Thursday, March 15, 2012

We Hold These Truths To Be Self- Evident

Poetry is the way we live.

Three minutes is enough for certain mollusks.

Ottowans will expect neighborhood wine shops.

Go ahead and leave, but you will return with a new appreciation for here.

No film school is required to make films.

If you're dying of a mysterious illness, never take something from a bottle labeled "The Cure."

Act One

The scene: Bistro 27

The players: Yours truly and a wine-savy friend

The food: Three-minute calamari in a basil tomato sauce over Byrds Mill grits. Cheese-stuffed empanadas with pesto aioli.

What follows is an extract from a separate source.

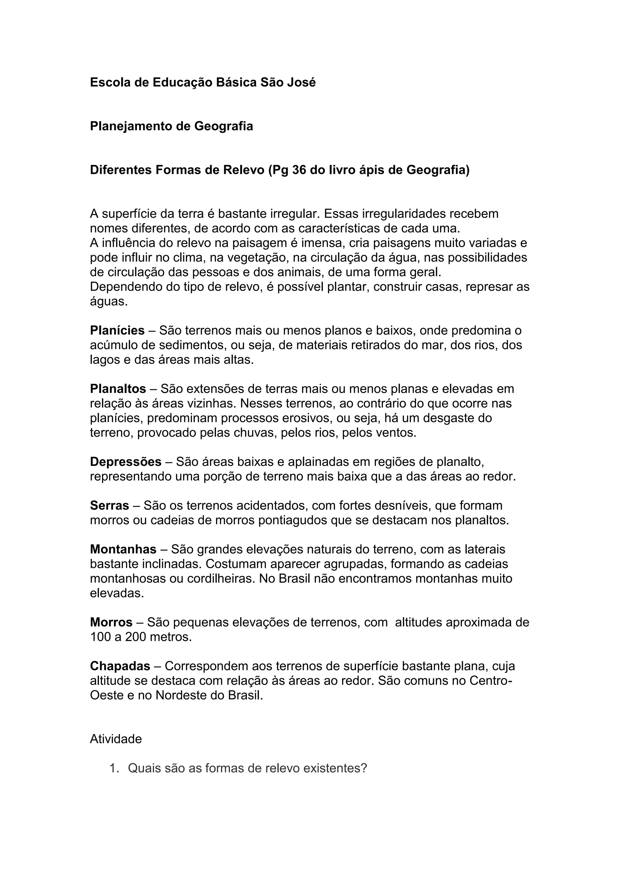 O documento descreve as diferentes formas de relevo da Terra e como elas são modificadas por fatores internos e externos. Ele também detalha os tipos de relevo encontrados em Santa Catarina, incluindo a planície costeira, serras litorâneas, e o planalto ocidental, assim como a vegetação e clima em cada região.

The surprise guests: A Canadian couple here for a real estate conference. They were impressed with how friendly people here are and appalled at their inability to find wine shops within walking distance of their hotel (I told them about The Hoppy Dog, a block away).

The conversation: Holding grudges, how a certain bass is a metaphor for a woman and a new winery.

Act Two

The scene: Firehouse Theater

The reason: "Days Gone By," the debut film of John Zhao, who was not a film student and had never made a film. After someone tried to rob him on Broad Street, he took refuge in the Firehouse where Project Resolution was showing local film shorts and he was hooked

The hook: The film was shot in digital, analog and on film.

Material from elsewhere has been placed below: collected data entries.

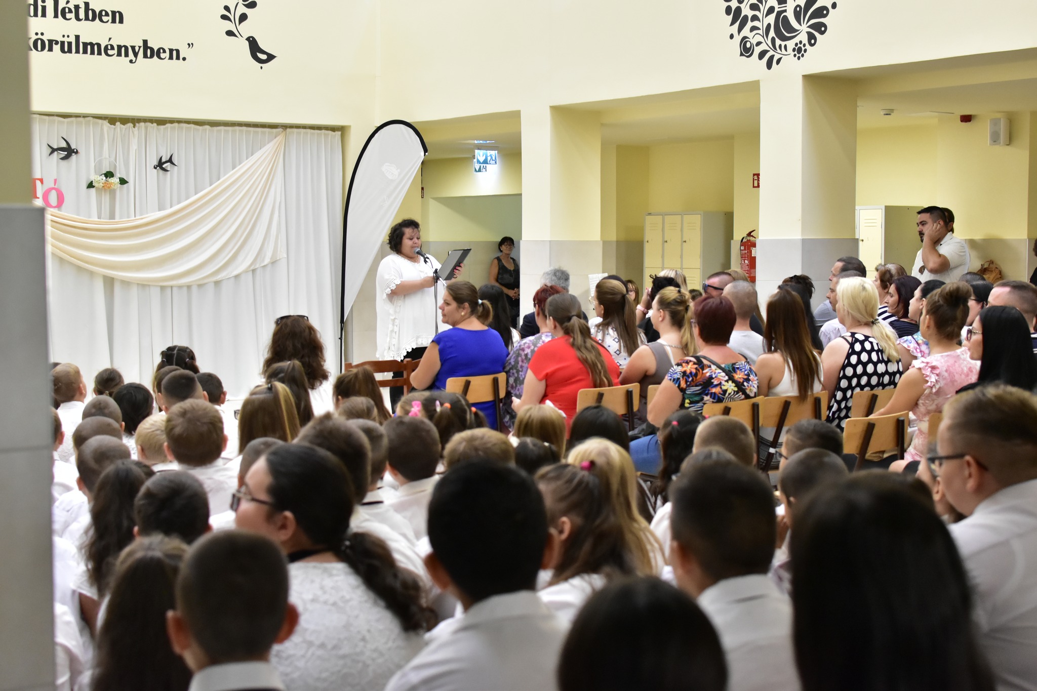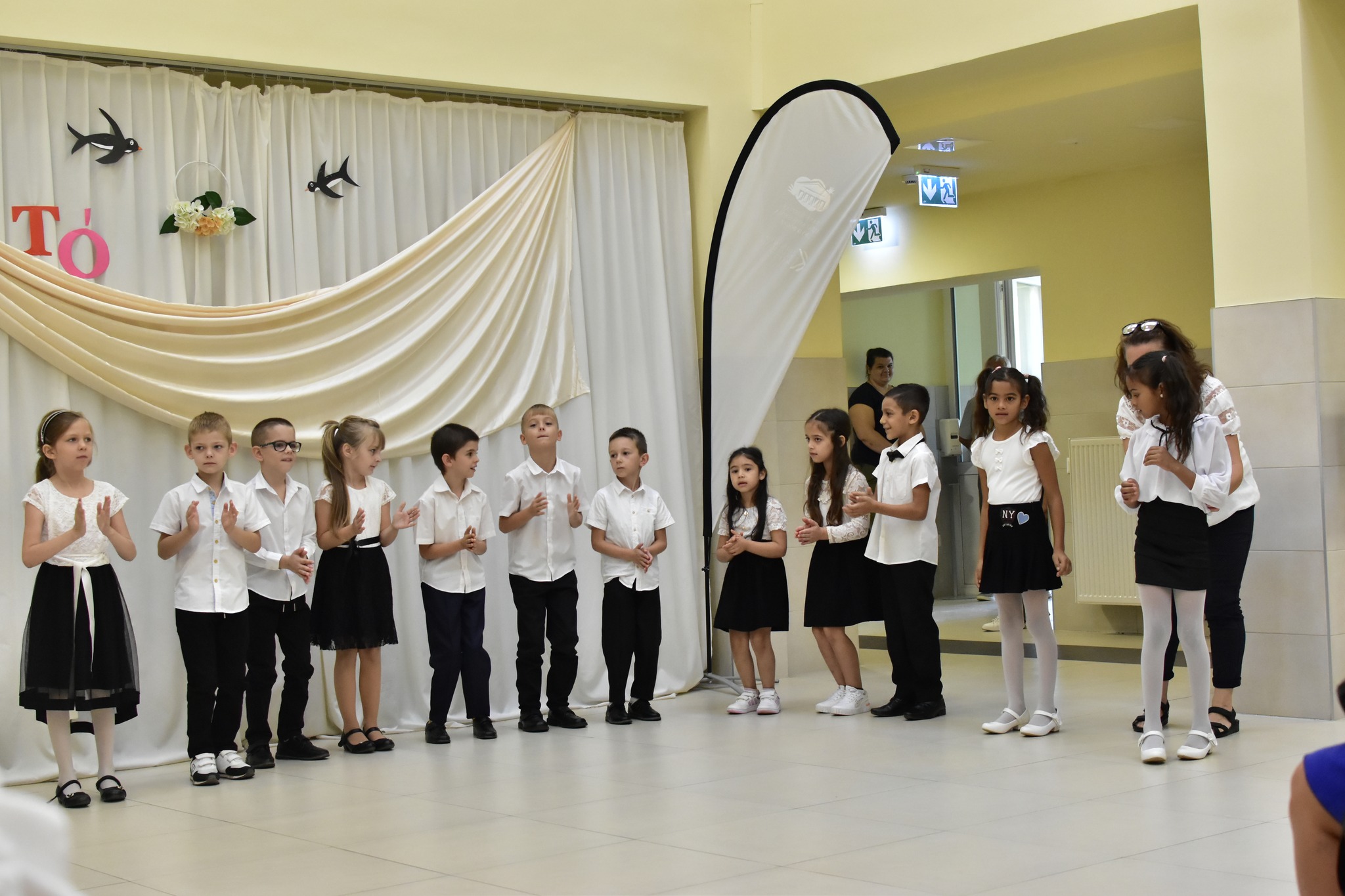 Ebből az alkalomból iskolánk elsősei és ötödikesei, Bákonyi Eliza, Dibáczi Kincső Csaga és Németh Kamilla Hanna készültek egy rövid zenés, táncos műsorral. Ezután Száva Erika, intézményvezető köszöntötte a megjelenteket, az elkövetkező tanévre „útravalóval” látta el iskolánk tanulóit.
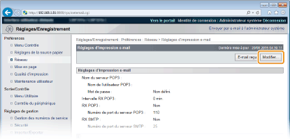 Cette section décrit comment spécifier les réglages pour la réception et l'impression des e-mails sur l'appareil. Utilisez un ordinateur pour faire les réglages concernant la réception des e-mails et le panneau de commande de l'appareil pour ceux concernant leur impression.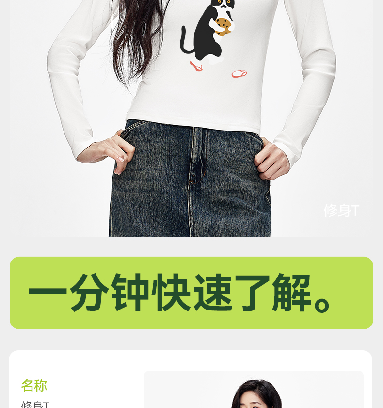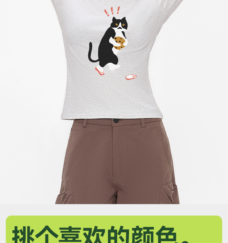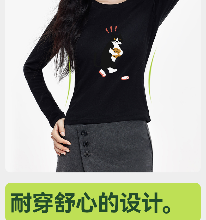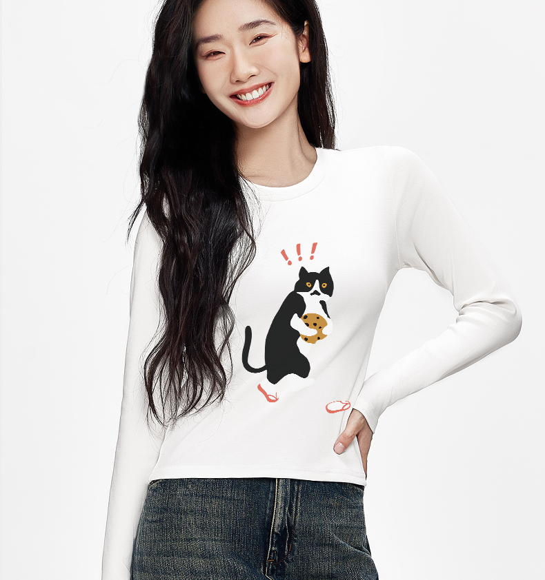 「棉的美学」秋季圆领打底衫女印花新款柔软亲肤上衣简约修身衣服

The sentiment: After having moved to NYC (like countless other Richmonders), he's returned and acknowledged how much he missed this town and how satisfying it was to be back.

The surprise: The short film shown first, made by an HIV-positive black gay man who told his life story and thoughts via spoken word and a desire to make his life poetry, despite every societal strike against him.

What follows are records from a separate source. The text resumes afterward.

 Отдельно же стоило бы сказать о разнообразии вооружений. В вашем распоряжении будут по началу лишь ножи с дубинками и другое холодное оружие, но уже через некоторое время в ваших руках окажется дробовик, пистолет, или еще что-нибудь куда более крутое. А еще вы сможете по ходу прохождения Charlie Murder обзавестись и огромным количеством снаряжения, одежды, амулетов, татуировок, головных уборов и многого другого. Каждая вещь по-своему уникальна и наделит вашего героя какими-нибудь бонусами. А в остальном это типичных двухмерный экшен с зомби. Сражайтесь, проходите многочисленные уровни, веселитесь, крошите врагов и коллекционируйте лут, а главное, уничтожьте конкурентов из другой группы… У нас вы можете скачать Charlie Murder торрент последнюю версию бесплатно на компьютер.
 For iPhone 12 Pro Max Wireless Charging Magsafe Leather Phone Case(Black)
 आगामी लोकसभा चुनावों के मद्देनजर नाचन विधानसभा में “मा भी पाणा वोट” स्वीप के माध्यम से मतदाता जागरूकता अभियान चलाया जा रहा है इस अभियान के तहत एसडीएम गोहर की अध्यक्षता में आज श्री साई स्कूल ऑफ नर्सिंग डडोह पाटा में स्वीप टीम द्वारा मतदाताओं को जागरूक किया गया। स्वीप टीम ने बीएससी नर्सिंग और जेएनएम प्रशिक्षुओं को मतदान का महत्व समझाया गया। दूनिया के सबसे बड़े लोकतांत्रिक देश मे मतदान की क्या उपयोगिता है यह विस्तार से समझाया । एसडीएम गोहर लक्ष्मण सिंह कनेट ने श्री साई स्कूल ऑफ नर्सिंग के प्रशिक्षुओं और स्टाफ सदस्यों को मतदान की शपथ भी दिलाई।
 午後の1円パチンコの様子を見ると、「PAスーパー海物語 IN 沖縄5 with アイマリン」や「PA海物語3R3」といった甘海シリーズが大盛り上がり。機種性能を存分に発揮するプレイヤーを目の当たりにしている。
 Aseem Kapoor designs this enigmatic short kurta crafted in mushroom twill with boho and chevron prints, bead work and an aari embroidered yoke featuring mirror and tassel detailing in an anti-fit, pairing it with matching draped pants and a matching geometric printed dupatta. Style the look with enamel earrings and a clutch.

The plot: Despairing boyfriend watches girlfriend dying and hallucinates along the way, with a few "A Clockwork Orange" moments thrown in for good measure. Oh, and some David Lynch.

The conclusion; King Family Viognier is good. Drugs mixed in a blender with alcohol and a stuffed animal are bad. Never fall for a girl just because she dances alone and you watch her.

The sweet ending: Limoncello, dark chocolate-drizzled pineapple and cheap laughs for language geeks.

The past, the present and the future walk into a bar.

If my life is a poem, I am hoping it is a rhyming couplet with the slyest of humor.

It was tense.

Too funny...and not at all the way I live.